What this task involves => Your copy of the entries below should hold exactly the lines from the one containing "This product is" to the one containing "我的隊伍里面的會員,在系統(tǒng)中消費 充值等操作時 自己會有積分提成", inclusive, and no pictures.

Task data =>
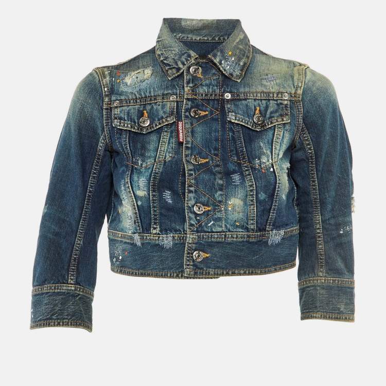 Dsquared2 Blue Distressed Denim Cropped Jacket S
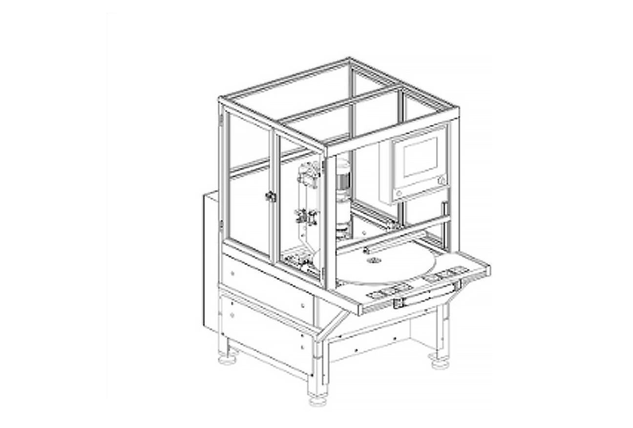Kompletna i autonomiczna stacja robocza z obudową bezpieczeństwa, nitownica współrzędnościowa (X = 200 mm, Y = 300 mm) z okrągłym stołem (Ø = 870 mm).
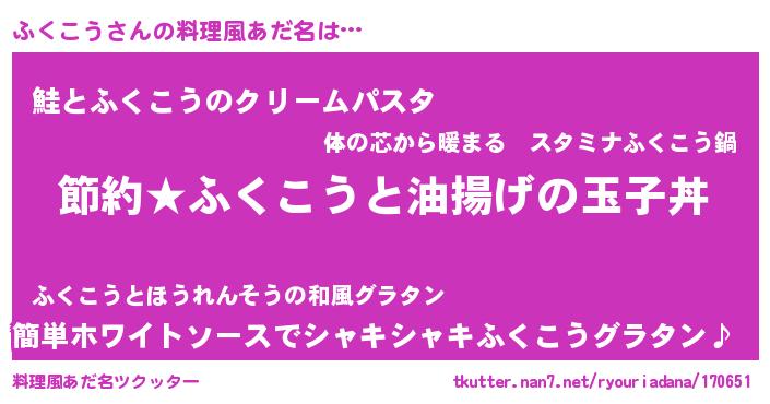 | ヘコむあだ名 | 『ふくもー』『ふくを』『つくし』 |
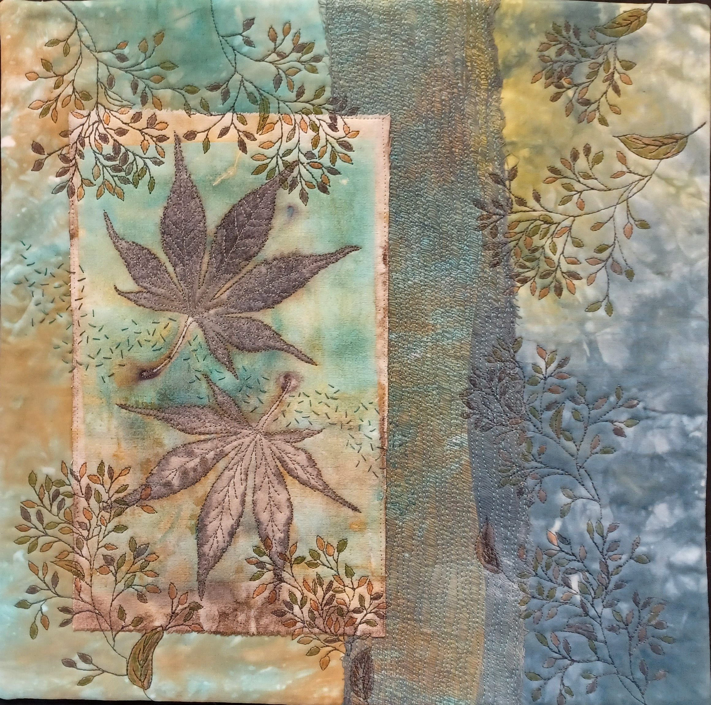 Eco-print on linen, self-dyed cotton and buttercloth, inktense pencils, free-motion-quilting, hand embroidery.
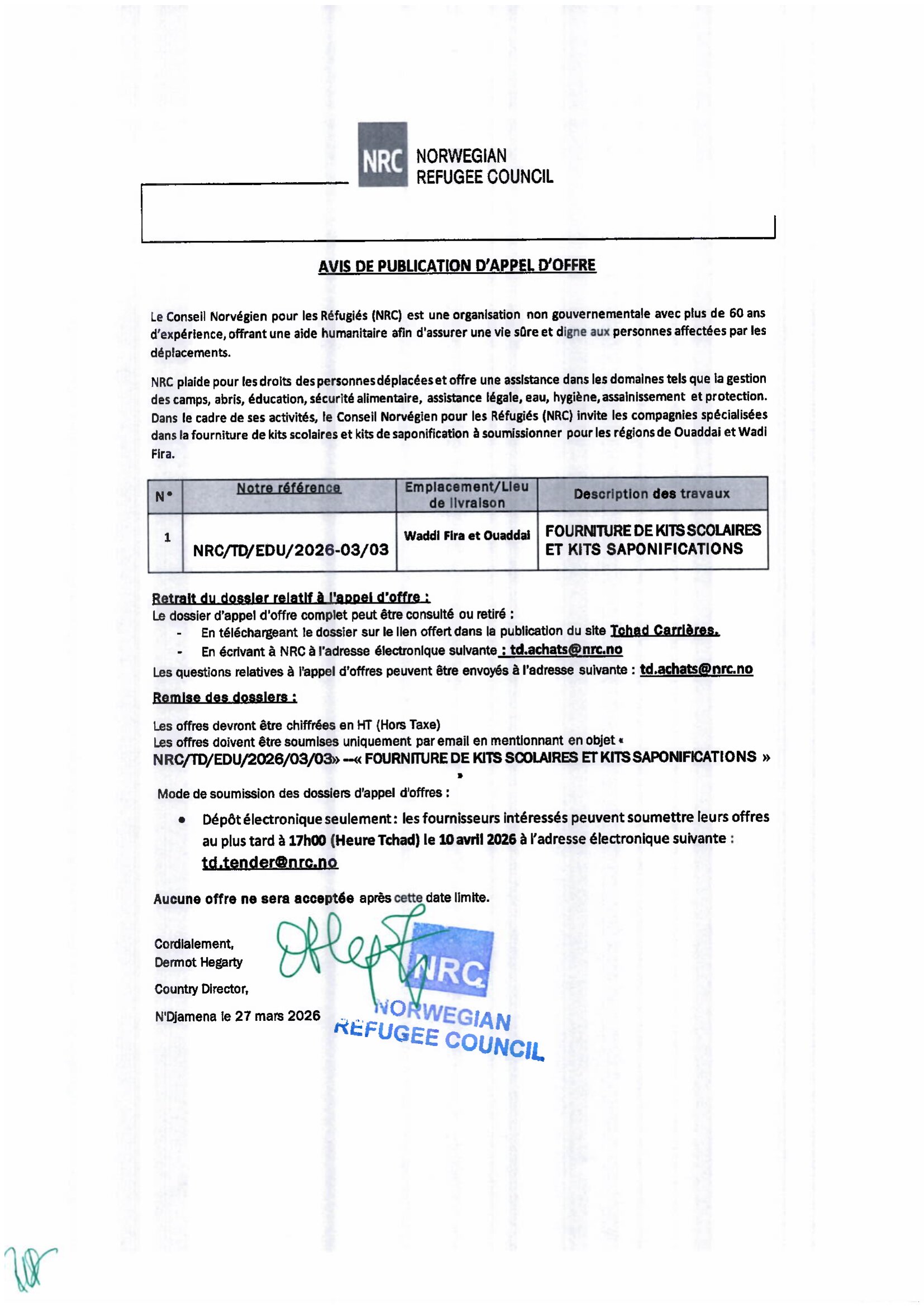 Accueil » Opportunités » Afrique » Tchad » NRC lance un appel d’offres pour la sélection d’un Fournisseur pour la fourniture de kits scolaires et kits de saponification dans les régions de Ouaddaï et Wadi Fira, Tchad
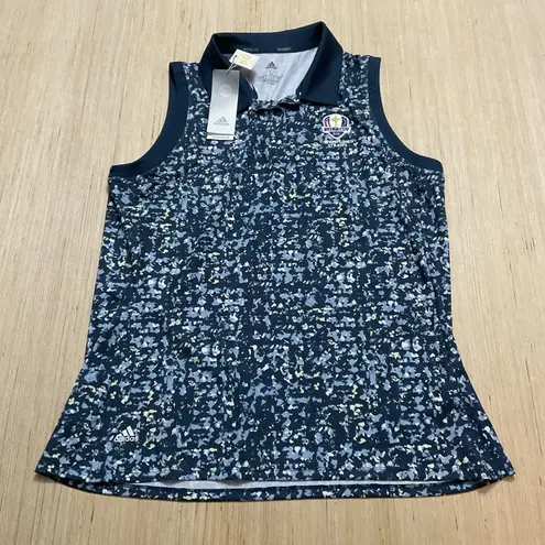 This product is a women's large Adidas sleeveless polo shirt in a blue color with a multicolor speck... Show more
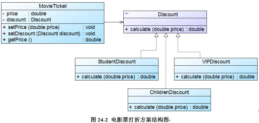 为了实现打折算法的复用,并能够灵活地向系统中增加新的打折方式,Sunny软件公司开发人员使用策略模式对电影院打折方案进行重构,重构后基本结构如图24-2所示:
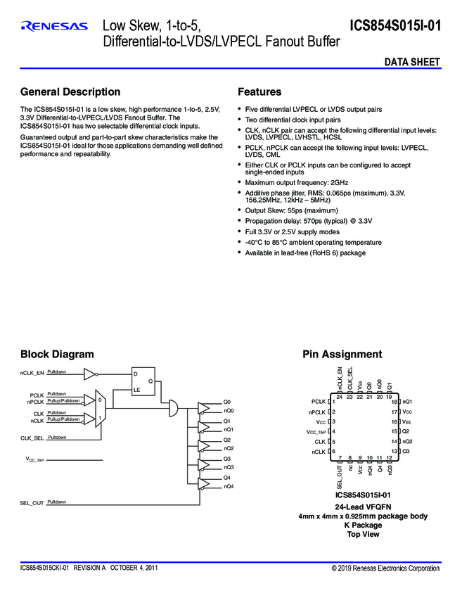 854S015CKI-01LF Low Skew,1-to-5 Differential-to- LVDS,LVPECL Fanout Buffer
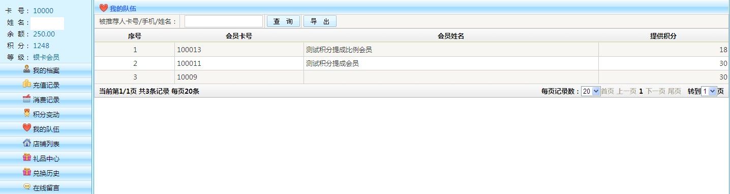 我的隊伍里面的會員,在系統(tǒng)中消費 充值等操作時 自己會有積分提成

...

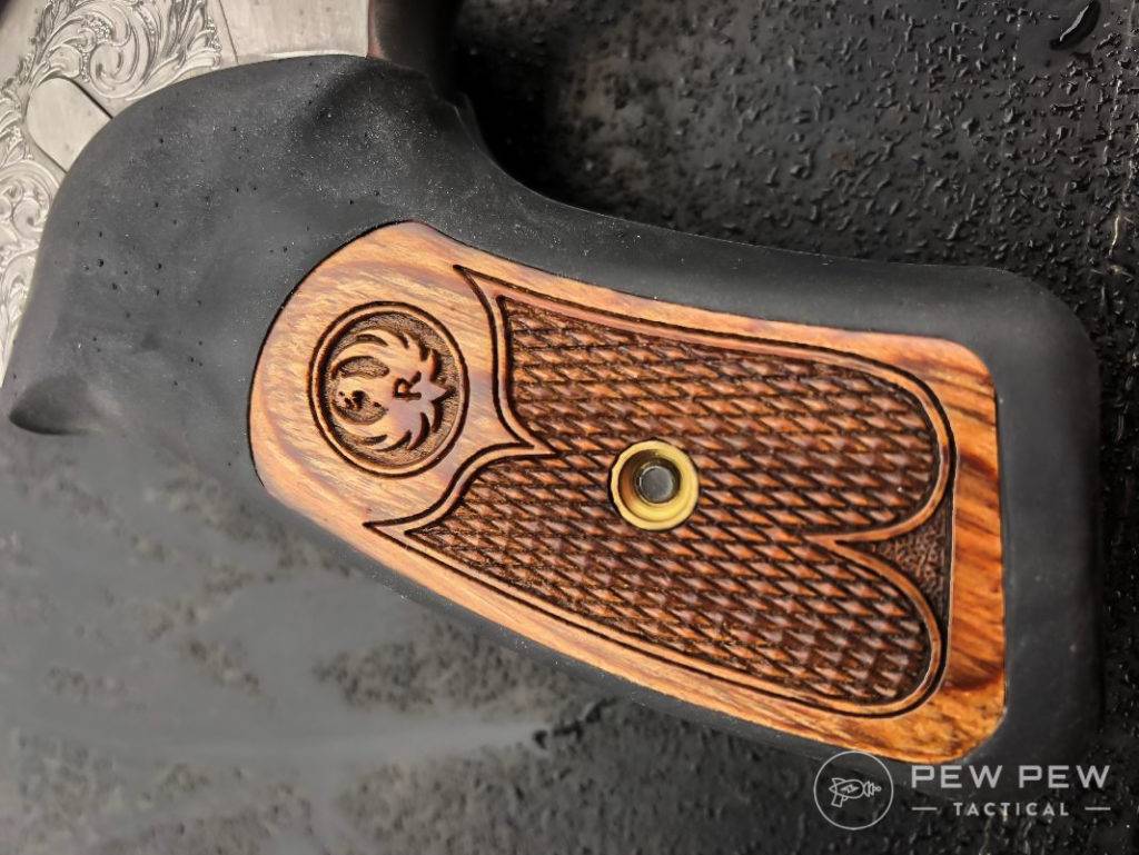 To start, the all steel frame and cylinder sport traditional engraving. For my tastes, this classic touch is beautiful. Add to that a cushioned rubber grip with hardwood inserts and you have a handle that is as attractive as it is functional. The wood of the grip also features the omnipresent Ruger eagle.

Result =>
 This product is a women's large Adidas sleeveless polo shirt in a blue color with a multicolor speck... Show more
 为了实现打折算法的复用,并能够灵活地向系统中增加新的打折方式,Sunny软件公司开发人员使用策略模式对电影院打折方案进行重构,重构后基本结构如图24-2所示:
 854S015CKI-01LF Low Skew,1-to-5 Differential-to- LVDS,LVPECL Fanout Buffer
 我的隊伍里面的會員,在系統(tǒng)中消費 充值等操作時 自己會有積分提成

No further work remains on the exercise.